*** Opening Data supplied ***
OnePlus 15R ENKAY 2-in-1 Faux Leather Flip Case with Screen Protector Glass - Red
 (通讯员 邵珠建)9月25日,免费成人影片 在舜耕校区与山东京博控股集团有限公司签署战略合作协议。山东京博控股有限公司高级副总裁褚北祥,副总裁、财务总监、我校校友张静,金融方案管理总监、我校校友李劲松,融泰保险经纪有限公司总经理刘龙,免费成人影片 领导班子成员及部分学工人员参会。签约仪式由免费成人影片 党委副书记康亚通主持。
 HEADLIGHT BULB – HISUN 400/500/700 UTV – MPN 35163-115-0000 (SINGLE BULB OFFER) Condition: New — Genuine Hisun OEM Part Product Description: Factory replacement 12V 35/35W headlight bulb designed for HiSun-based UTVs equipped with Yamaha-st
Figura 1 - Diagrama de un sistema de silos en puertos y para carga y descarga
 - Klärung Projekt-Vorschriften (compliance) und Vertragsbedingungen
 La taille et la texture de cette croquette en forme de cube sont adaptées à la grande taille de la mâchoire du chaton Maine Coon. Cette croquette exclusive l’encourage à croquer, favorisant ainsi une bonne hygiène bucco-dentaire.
*** Closing Data supplied ***
*** Opening Data supplied ***
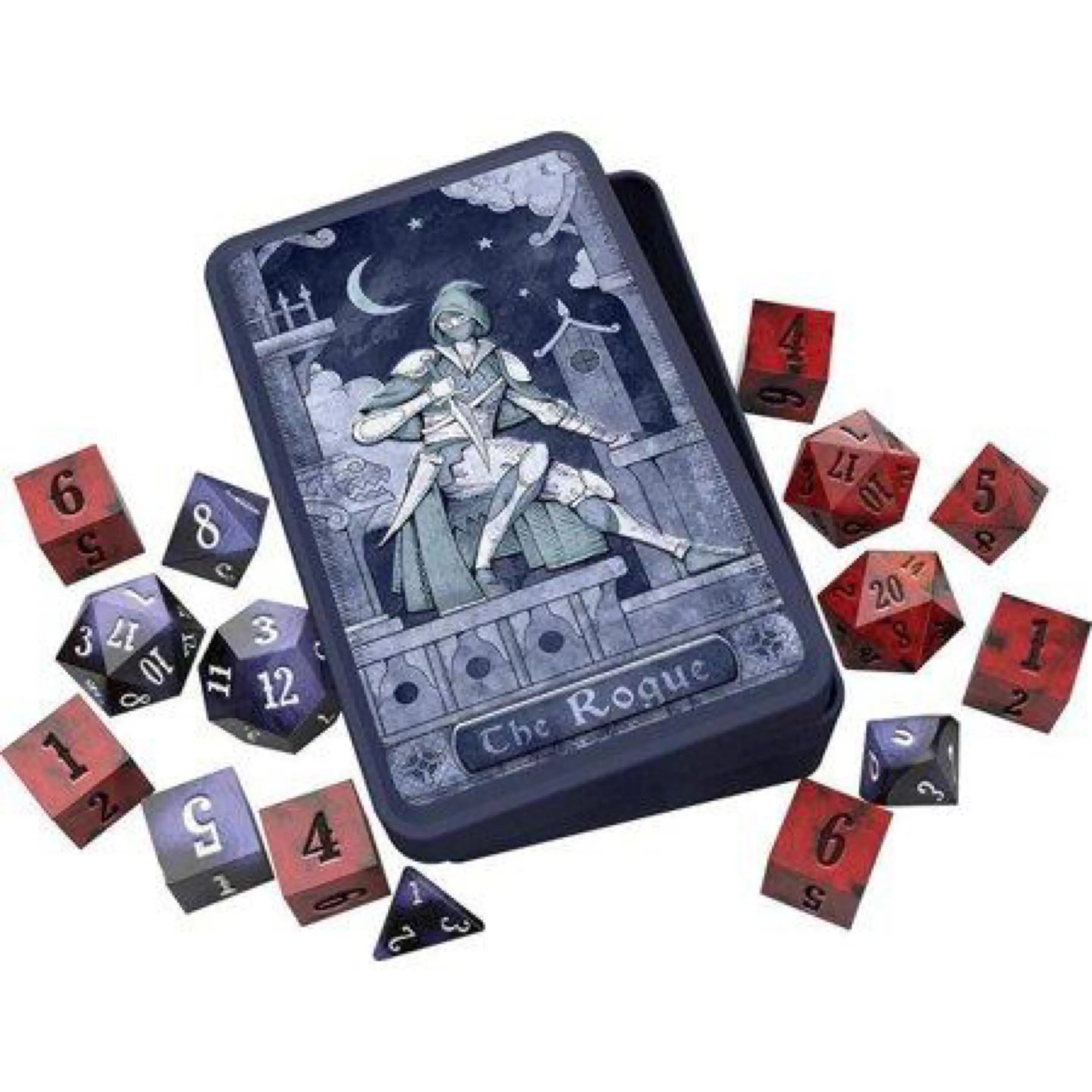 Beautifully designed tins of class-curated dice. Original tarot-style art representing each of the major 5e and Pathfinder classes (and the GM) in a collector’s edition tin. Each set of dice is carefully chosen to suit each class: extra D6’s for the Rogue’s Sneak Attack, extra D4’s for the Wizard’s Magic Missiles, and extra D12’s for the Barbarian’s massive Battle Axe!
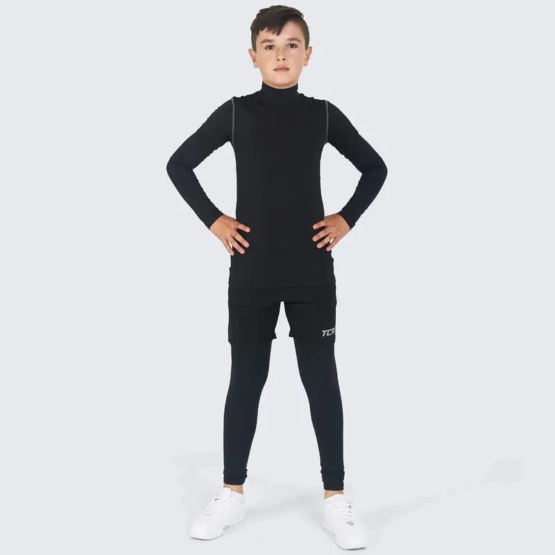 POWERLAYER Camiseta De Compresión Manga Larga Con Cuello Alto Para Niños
*** Closing Data supplied ***
- Exercise
Report each line above containing the string "with".

- Final answer
OnePlus 15R ENKAY 2-in-1 Faux Leather Flip Case with Screen Protector Glass - Red
 HEADLIGHT BULB – HISUN 400/500/700 UTV – MPN 35163-115-0000 (SINGLE BULB OFFER) Condition: New — Genuine Hisun OEM Part Product Description: Factory replacement 12V 35/35W headlight bulb designed for HiSun-based UTVs equipped with Yamaha-st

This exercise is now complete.